The youth, who a family member testified has been attending weekly counseling sessions since his sister died, was the prosecution’s final witness.
The defense rested yesterday after examining a handful of witnesses before a jury of eight women and four men in rural Lincoln County. Both sides were expected to present closing arguments today.
Aragon was driving the children to see their mother on Christmas morning when the car hit ice and slid into the snowbank, Bear testified. His father got out of the car and used a small military shovel to free his 1988 Buick Century.
The boy said he decided to set out on his own because he wanted to find help for his father. Sage decided to go with him.
“He said, ‘OK, stay together and don’t go into the fields,’ ’’ Bear testified.
After Sage and Bear began walking, Aragon freed his car from the snowdrift and drove back to their home in Jerome. The children’s mother called later to say the children never arrived.
When authorities found the father about 10 that night, he was searching for the children at the site where the car had become stranded. A search and rescue team soon found the youth at a rest area near the highway, more than 4 miles from where the children started walking.

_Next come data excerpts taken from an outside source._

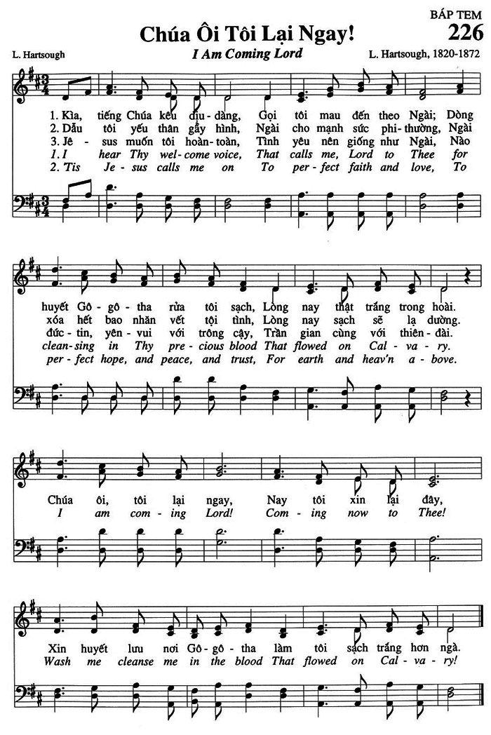 1. Kìa, tiếng Chúa kêu dịu - dàng, Gọi tôi mau đến theo Ngài; Dòng huyết Gô - gô - tha rửa tôi sạch, Lòng nay thật trắng trong hoài. 2. Dẫu tôi yếu thân gầy hình, Ngài cho mạnh sức phi - thường, Ngài xóa hết bao nhăn vết tội tình, Lòng nay sạch sẽ lạ dường. 3. Je - sus muốn tôi hoàn - toàn, Tình yêu nên giống như Ngài, Nào đức - tin, yên - vui với trông cậy, Trần gian cùng với thiên - đài. Điệp khúc: Chúa ôi, tôi lại ngay, Nay tôi xin lại đây, Xin huyết lưu nơi Gô - gô - tha làm tôi sạch trắng hơn ngà.
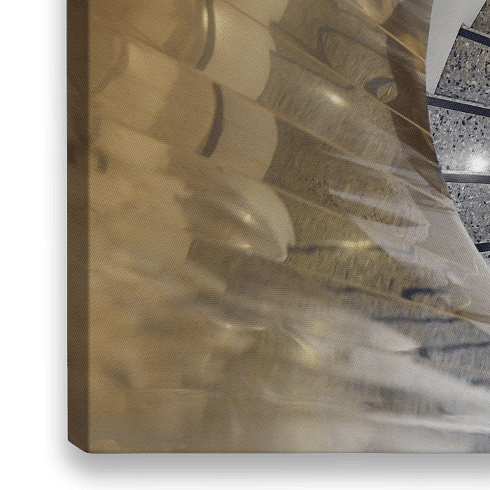 Bestelle dieses abstrakte Wandbild Komposition Nr. 7: Spindeltreppe in Grau und Gold von Rini Kools als Reproduktion auf Leinwand, Alu-Dibond, als Poster, Fototapete oder Acrylglasbild.
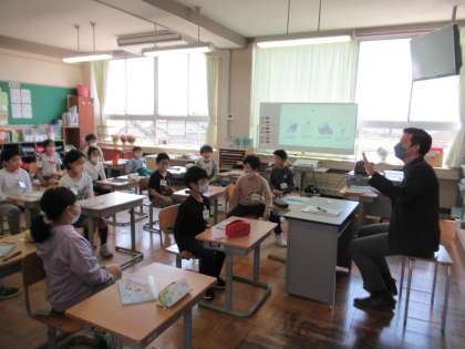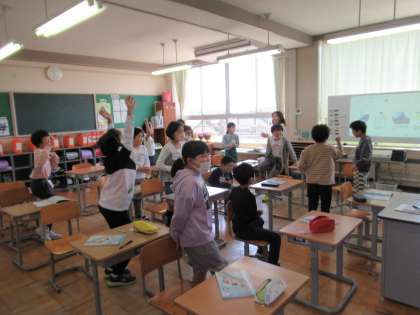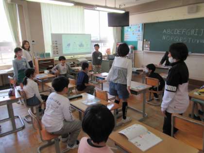 5月9日(火)4年生 外国語の学習 公開日 2023/05/09 更新日 2023/05/09 4年生 アルファベットを順番に言うゲームをしました。一人一つアルファベットを言っていくのですが、「A!」「B!」「「C!」」と、同じアルファベットを二人以上で言ったら失敗です。タイミングを合わせるために、みんなの様子をよく見るのがポイントです。 「また重なった!」 「みんなで目を見合わせてやってみようよ」 「やっと成功した!」 と、声を掛け合いながら楽しくアルファベットを学習しました。
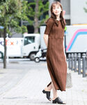 レース編みのニットキャミソールを女性らしいシルエットのワンピースにレイヤードしました。ブラウン×ブラックで落ち着いた雰囲気にまとめて、スカーフも添えてとことん女の子らしく◎
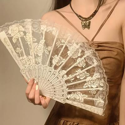 Lace Rose Fan Women Summer Folding Fan Dance Special Ancient Folding Handheld Photo Prop Holiday Birthday Gift
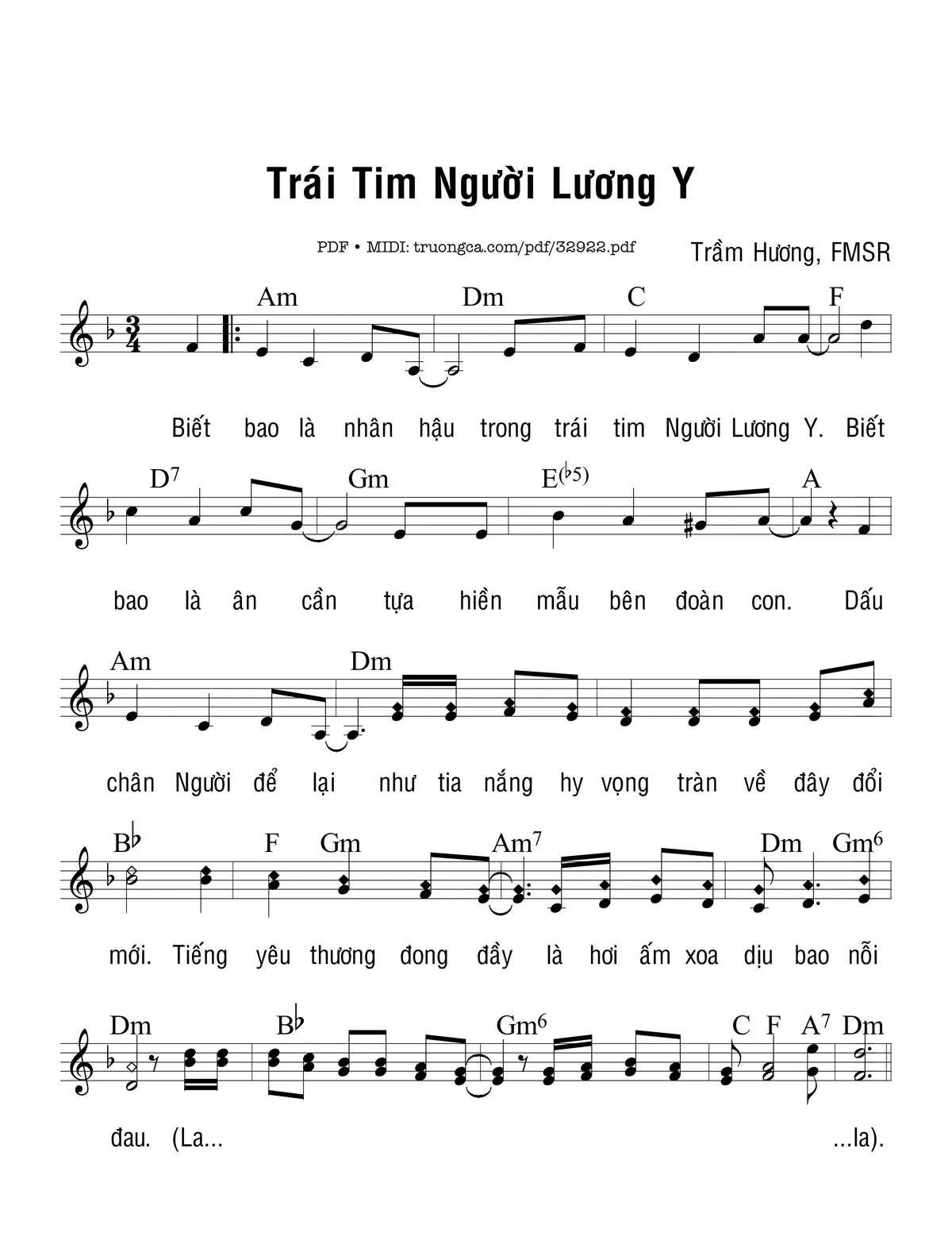Trang 1 của Sheet nhạc PDF bài hát Trái Tim Người Lương Y - Trầm Hương

A search dog found Sage’s body the next morning, barely visible under windblown snow. She was wearing a brown down coat, a black shirt, pink pajama pants, and tan snow boots.
Teressa Aragon, a Jerome resident and half sister to the children, was among the witnesses for the defense who testified that Aragon was a good father. Public defender Patrick McMillen argued that the weather didn’t worsen until after the children started walking and that Aragon did not knowingly put Sage and Bear in harm’s way.
Temperatures in the area at the time the girl was missing ranged from 27 degrees above zero to minus 5.